> _Your task_: Set down word for word each line from the one containing "2. 為了保障農(nóng)" through the end of the records, both included. Do not copy any pictures.

Segment Start: Given data

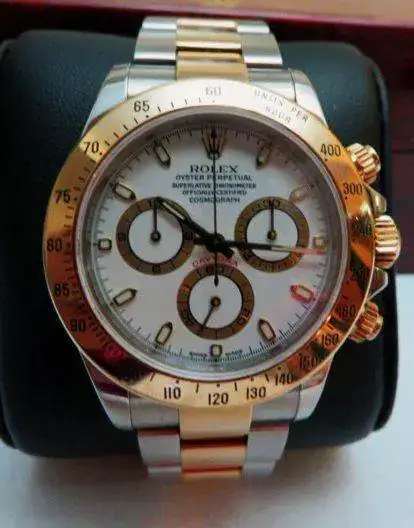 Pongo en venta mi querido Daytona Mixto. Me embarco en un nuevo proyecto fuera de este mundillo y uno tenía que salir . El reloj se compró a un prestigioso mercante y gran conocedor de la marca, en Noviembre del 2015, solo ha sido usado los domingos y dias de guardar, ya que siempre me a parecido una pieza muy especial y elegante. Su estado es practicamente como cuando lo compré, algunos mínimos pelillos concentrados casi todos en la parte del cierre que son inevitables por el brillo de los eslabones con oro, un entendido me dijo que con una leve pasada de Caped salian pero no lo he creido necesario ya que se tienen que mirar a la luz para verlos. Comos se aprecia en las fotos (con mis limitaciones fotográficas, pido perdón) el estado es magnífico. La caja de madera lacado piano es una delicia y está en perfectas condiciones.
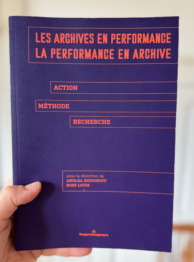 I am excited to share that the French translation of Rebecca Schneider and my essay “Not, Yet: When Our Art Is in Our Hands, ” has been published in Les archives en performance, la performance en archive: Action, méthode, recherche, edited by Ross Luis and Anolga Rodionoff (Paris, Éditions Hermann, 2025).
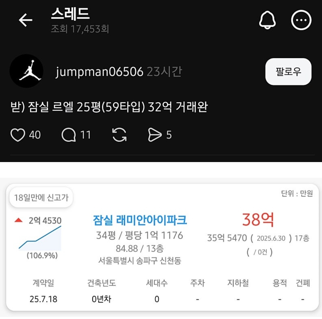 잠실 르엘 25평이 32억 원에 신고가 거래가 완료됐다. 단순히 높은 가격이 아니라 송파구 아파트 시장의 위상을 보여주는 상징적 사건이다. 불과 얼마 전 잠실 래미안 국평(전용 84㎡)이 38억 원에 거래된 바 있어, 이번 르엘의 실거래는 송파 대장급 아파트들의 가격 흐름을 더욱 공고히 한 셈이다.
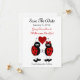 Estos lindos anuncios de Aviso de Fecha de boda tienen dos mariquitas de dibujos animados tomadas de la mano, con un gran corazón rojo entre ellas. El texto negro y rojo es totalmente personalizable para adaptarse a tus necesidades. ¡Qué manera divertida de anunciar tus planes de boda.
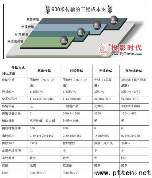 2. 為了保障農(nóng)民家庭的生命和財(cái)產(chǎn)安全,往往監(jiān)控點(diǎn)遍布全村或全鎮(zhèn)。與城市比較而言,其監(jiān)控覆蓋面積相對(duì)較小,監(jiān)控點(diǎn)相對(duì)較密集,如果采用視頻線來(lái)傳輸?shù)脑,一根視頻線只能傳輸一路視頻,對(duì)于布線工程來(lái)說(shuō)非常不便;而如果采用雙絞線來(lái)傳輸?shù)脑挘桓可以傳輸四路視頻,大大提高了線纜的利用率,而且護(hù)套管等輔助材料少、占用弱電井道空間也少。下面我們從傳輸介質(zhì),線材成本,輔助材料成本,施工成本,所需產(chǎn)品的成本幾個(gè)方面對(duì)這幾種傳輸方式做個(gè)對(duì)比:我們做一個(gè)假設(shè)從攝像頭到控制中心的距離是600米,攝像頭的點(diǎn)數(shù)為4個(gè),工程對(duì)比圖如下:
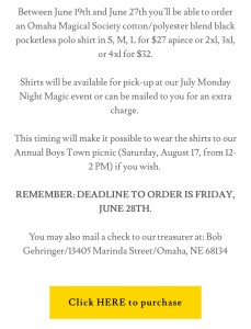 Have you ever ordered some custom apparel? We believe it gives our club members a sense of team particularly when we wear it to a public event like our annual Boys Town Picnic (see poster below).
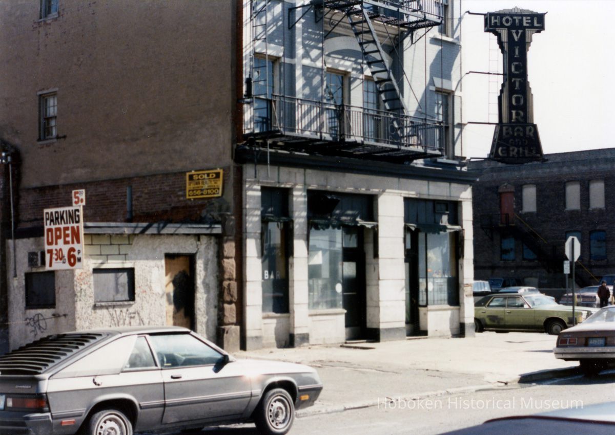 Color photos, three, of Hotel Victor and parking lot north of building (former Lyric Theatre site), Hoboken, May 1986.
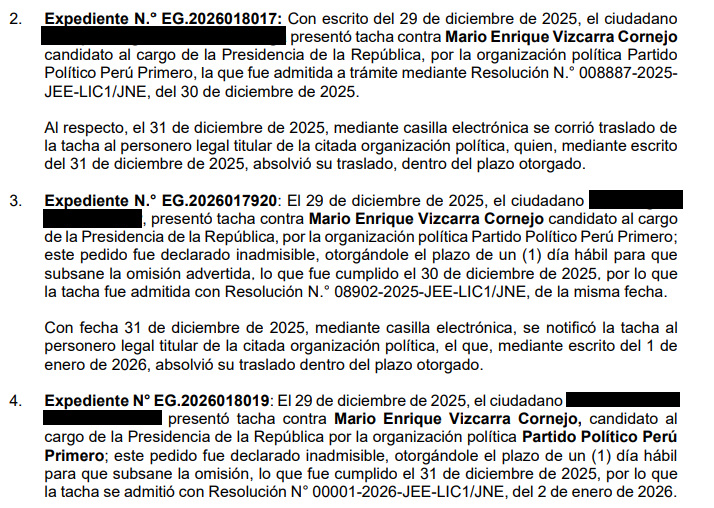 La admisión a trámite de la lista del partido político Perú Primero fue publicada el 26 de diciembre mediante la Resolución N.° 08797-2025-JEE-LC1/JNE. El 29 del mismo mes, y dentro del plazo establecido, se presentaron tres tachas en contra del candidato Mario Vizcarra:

Segment End: Given data

> _Answer box_:
 2. 為了保障農(nóng)民家庭的生命和財(cái)產(chǎn)安全,往往監(jiān)控點(diǎn)遍布全村或全鎮(zhèn)。與城市比較而言,其監(jiān)控覆蓋面積相對(duì)較小,監(jiān)控點(diǎn)相對(duì)較密集,如果采用視頻線來(lái)傳輸?shù)脑,一根視頻線只能傳輸一路視頻,對(duì)于布線工程來(lái)說(shuō)非常不便;而如果采用雙絞線來(lái)傳輸?shù)脑挘桓可以傳輸四路視頻,大大提高了線纜的利用率,而且護(hù)套管等輔助材料少、占用弱電井道空間也少。下面我們從傳輸介質(zhì),線材成本,輔助材料成本,施工成本,所需產(chǎn)品的成本幾個(gè)方面對(duì)這幾種傳輸方式做個(gè)對(duì)比:我們做一個(gè)假設(shè)從攝像頭到控制中心的距離是600米,攝像頭的點(diǎn)數(shù)為4個(gè),工程對(duì)比圖如下:
 Have you ever ordered some custom apparel? We believe it gives our club members a sense of team particularly when we wear it to a public event like our annual Boys Town Picnic (see poster below).
 Color photos, three, of Hotel Victor and parking lot north of building (former Lyric Theatre site), Hoboken, May 1986.
 La admisión a trámite de la lista del partido político Perú Primero fue publicada el 26 de diciembre mediante la Resolución N.° 08797-2025-JEE-LC1/JNE. El 29 del mismo mes, y dentro del plazo establecido, se presentaron tres tachas en contra del candidato Mario Vizcarra:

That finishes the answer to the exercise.